** Opening DATA EXTRACTS block **

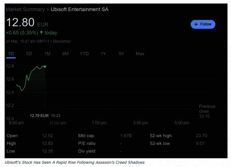 育碧整个公司的命运就压在了《刺客信条:影》这一个游戏上,该作的任何风吹草动直接牵动着无数投资人紧张的神经。看起来刚发售没多久的《刺客信条:影》让育碧稍微缓了一口气,因为就在《刺客信条:影》Steam峰值来到系列最高后,该公司的股价上涨了5%。
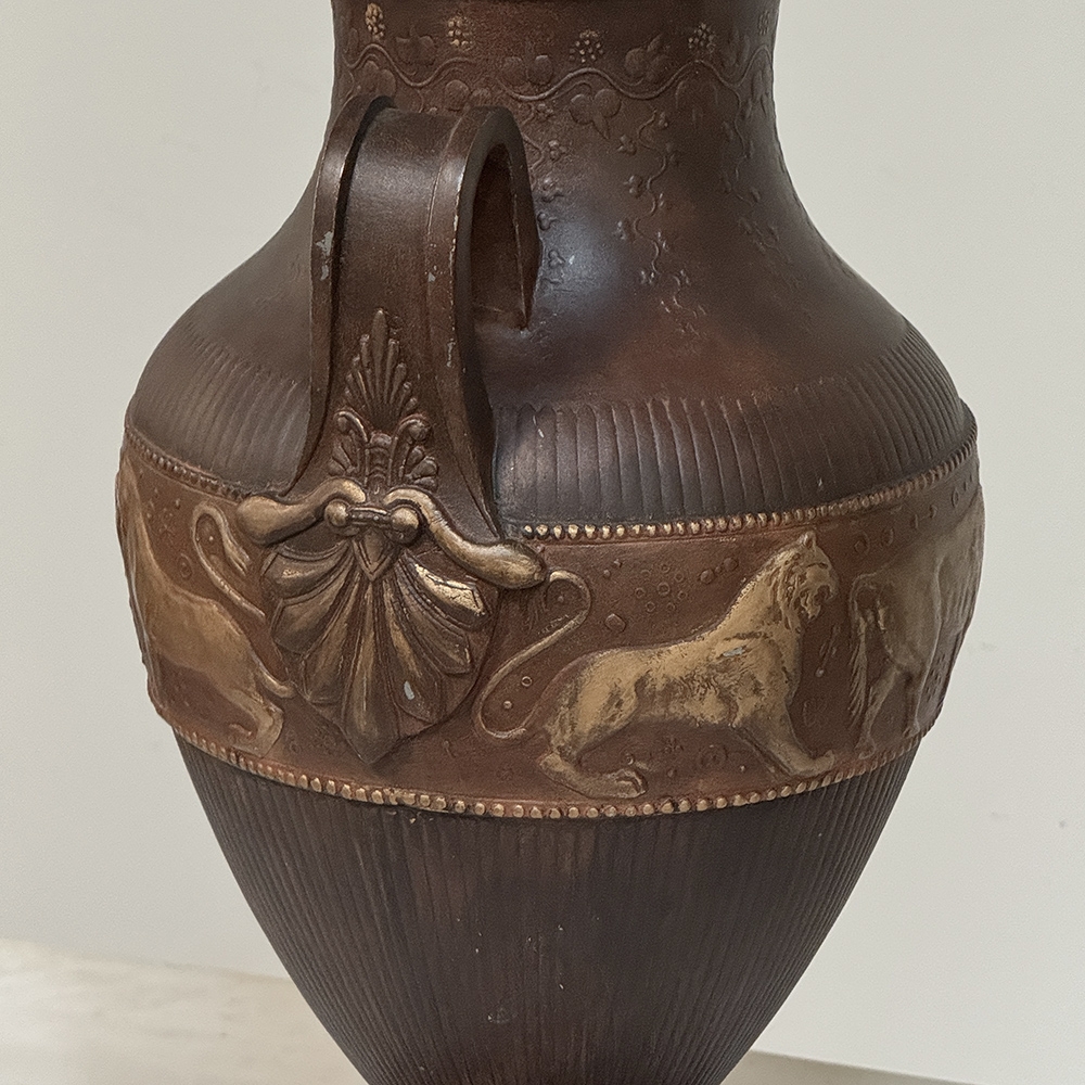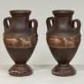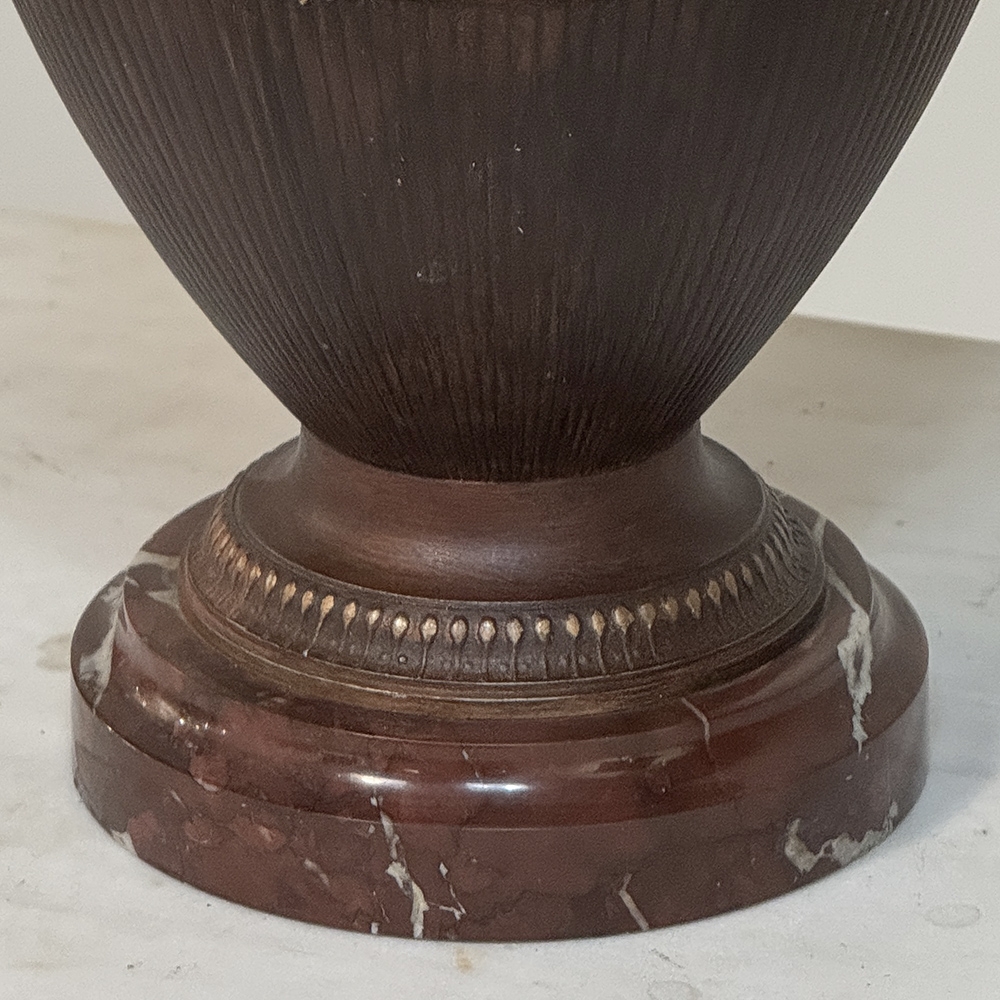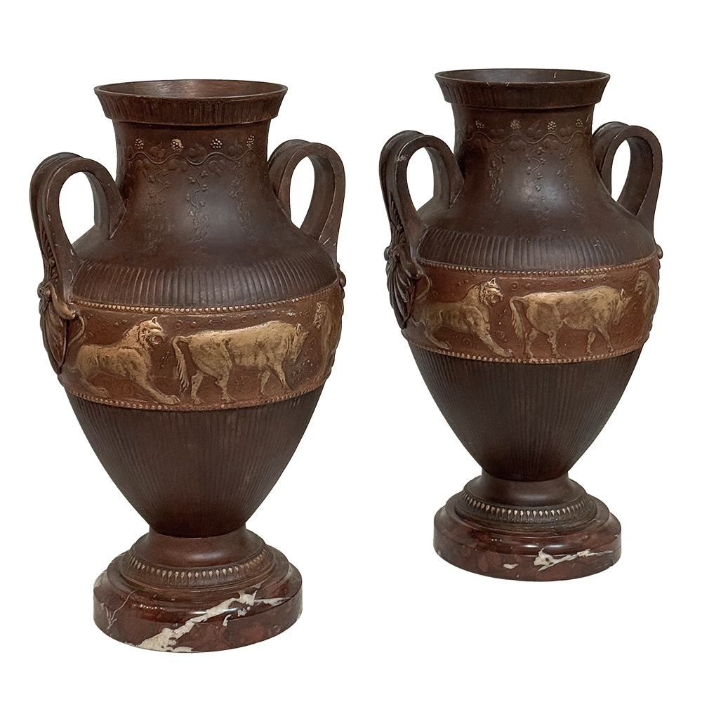 Pair Vases, Art Deco Period in Grecian Style, in Painted Spelter on Marble Bases
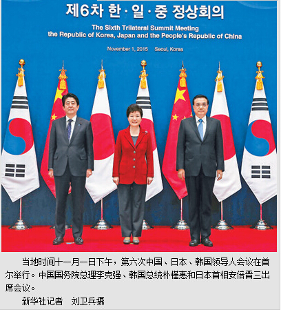 本报首尔11月1日电 (记者吕鸿、万宇、陈尚文)当地时间11月1日下午,国务院总理李克强在第六次中日韩领导人会议后,与韩国总统朴槿惠、日本首相安倍晋三共同会见记者。
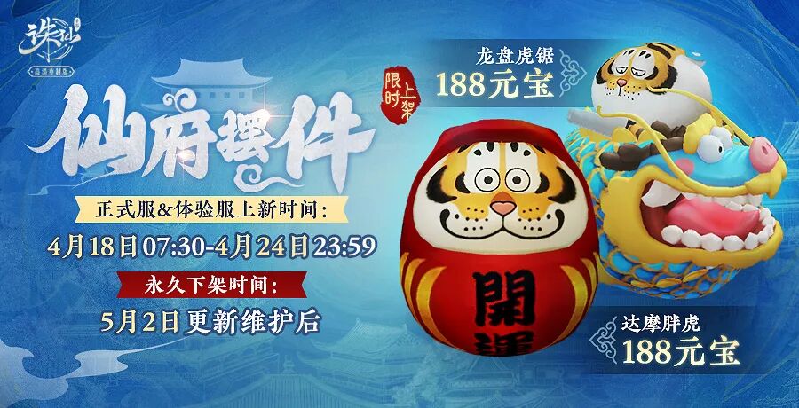 活动期间,【商城-新品、仙府】分页上架全新仙府摆件【达摩胖虎】、【龙盘虎锯】、【祥龙赐瑞屏】,仙友们快来光顾吧!
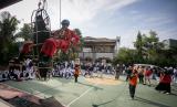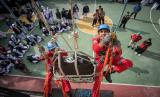 Relawan Muhammadiyah Disaster Management Center (MDMC) mempratekkan penyelamatan korban dari tempat ketinggian dengan teknik vertical resque pada kegiatan Penanggulangan Bencana Gempa Bumi di SMP Muhammadiyah Program Khusus, Solo, Jawa Tengah, Kamis (14/7/2022). Kegiatan tersebut sebagai edukasi dan pengetahuan kepada siswa tentang penanganan evakuasi penyelematan korban di ketinggian. (FOTO : ANTARA/Mohammad Ayudha)
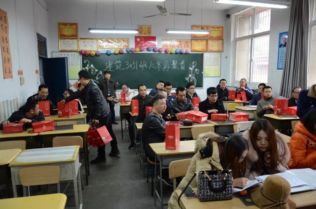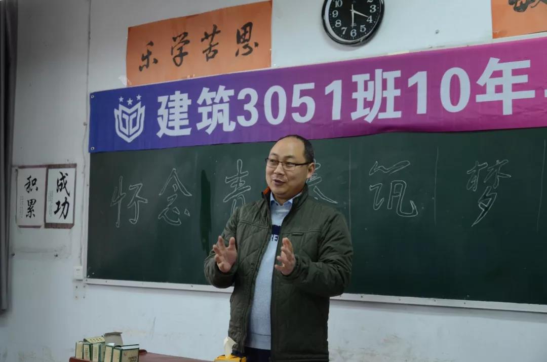 2018年12月23日,对建筑3051班的校友们来说是个特殊的日子,毕业10年后,多少次牵肠挂肚,几回回魂牵梦萦,终于成行,相聚母校。座谈会在老校区教学楼一楼120教室举行,建筑教研室主任聂瑞老师做了热情洋溢的讲话,对校友们返校聚会表示热烈欢迎。他向大家介绍了学校的发展历程和现有规模以及近年来取得的荣誉和成就,同时介绍了建筑专业的目前的师资、教学、实验实训情况,诚恳表示母校是大家永远的家,希望大家珍惜同学情、不忘师生情,有机会“常回家看看”。当年的带课老师也热忱欢迎大家返校聚会,并希望同学们能够保重身体,照顾好家庭,在自己的岗位上努力奋斗,做出成绩。
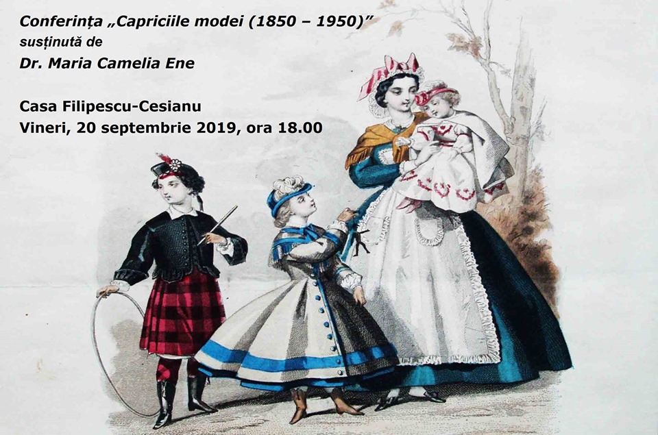 Muzeul Municipiului București vă invită să participați vineri, 20 septembrie 2019, ora 18.00, la conferința „Capriciile modei (1850 – 1950)”, susținută de Dr. Maria Camelia Ene. Evenimentul va avea loc la Casa Filipescu-Cesianu (Calea Victoriei 151).
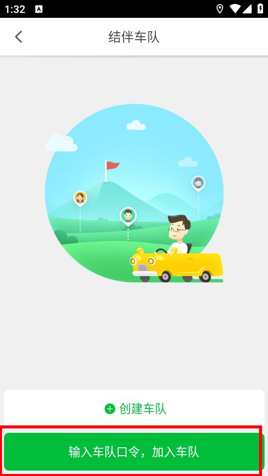 3、進(jìn)入結(jié)伴車隊(duì)界面后,點(diǎn)擊下方輸入車隊(duì)口令,加入車隊(duì)按鈕。
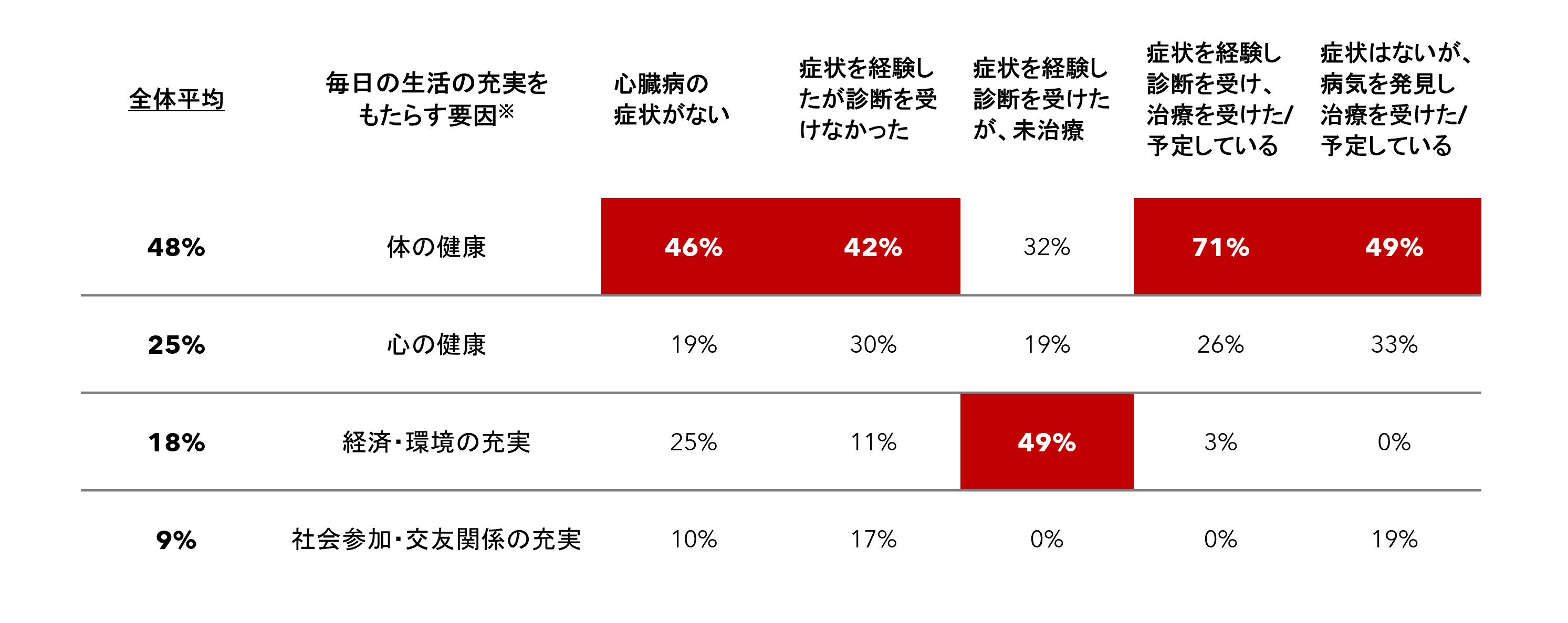 調査の結果、「心臓病の診断を受けたが、未治療」の回答者グループを除いた、4つのグループ全てで「体の健康」が生活の充実にとって最も重要な要因でした。

** Closing DATA EXTRACTS block **

* **EXERCISE DESCRIPTION**
Output the records above exactly, leaving out pictures.

* **SOLVED PROBLEM**
 育碧整个公司的命运就压在了《刺客信条:影》这一个游戏上,该作的任何风吹草动直接牵动着无数投资人紧张的神经。看起来刚发售没多久的《刺客信条:影》让育碧稍微缓了一口气,因为就在《刺客信条:影》Steam峰值来到系列最高后,该公司的股价上涨了5%。
 Pair Vases, Art Deco Period in Grecian Style, in Painted Spelter on Marble Bases
 本报首尔11月1日电 (记者吕鸿、万宇、陈尚文)当地时间11月1日下午,国务院总理李克强在第六次中日韩领导人会议后,与韩国总统朴槿惠、日本首相安倍晋三共同会见记者。
 活动期间,【商城-新品、仙府】分页上架全新仙府摆件【达摩胖虎】、【龙盘虎锯】、【祥龙赐瑞屏】,仙友们快来光顾吧!
 Relawan Muhammadiyah Disaster Management Center (MDMC) mempratekkan penyelamatan korban dari tempat ketinggian dengan teknik vertical resque pada kegiatan Penanggulangan Bencana Gempa Bumi di SMP Muhammadiyah Program Khusus, Solo, Jawa Tengah, Kamis (14/7/2022). Kegiatan tersebut sebagai edukasi dan pengetahuan kepada siswa tentang penanganan evakuasi penyelematan korban di ketinggian. (FOTO : ANTARA/Mohammad Ayudha)
 2018年12月23日,对建筑3051班的校友们来说是个特殊的日子,毕业10年后,多少次牵肠挂肚,几回回魂牵梦萦,终于成行,相聚母校。座谈会在老校区教学楼一楼120教室举行,建筑教研室主任聂瑞老师做了热情洋溢的讲话,对校友们返校聚会表示热烈欢迎。他向大家介绍了学校的发展历程和现有规模以及近年来取得的荣誉和成就,同时介绍了建筑专业的目前的师资、教学、实验实训情况,诚恳表示母校是大家永远的家,希望大家珍惜同学情、不忘师生情,有机会“常回家看看”。当年的带课老师也热忱欢迎大家返校聚会,并希望同学们能够保重身体,照顾好家庭,在自己的岗位上努力奋斗,做出成绩。
 Muzeul Municipiului București vă invită să participați vineri, 20 septembrie 2019, ora 18.00, la conferința „Capriciile modei (1850 – 1950)”, susținută de Dr. Maria Camelia Ene. Evenimentul va avea loc la Casa Filipescu-Cesianu (Calea Victoriei 151).
 3、進(jìn)入結(jié)伴車隊(duì)界面后,點(diǎn)擊下方輸入車隊(duì)口令,加入車隊(duì)按鈕。
 調査の結果、「心臓病の診断を受けたが、未治療」の回答者グループを除いた、4つのグループ全てで「体の健康」が生活の充実にとって最も重要な要因でした。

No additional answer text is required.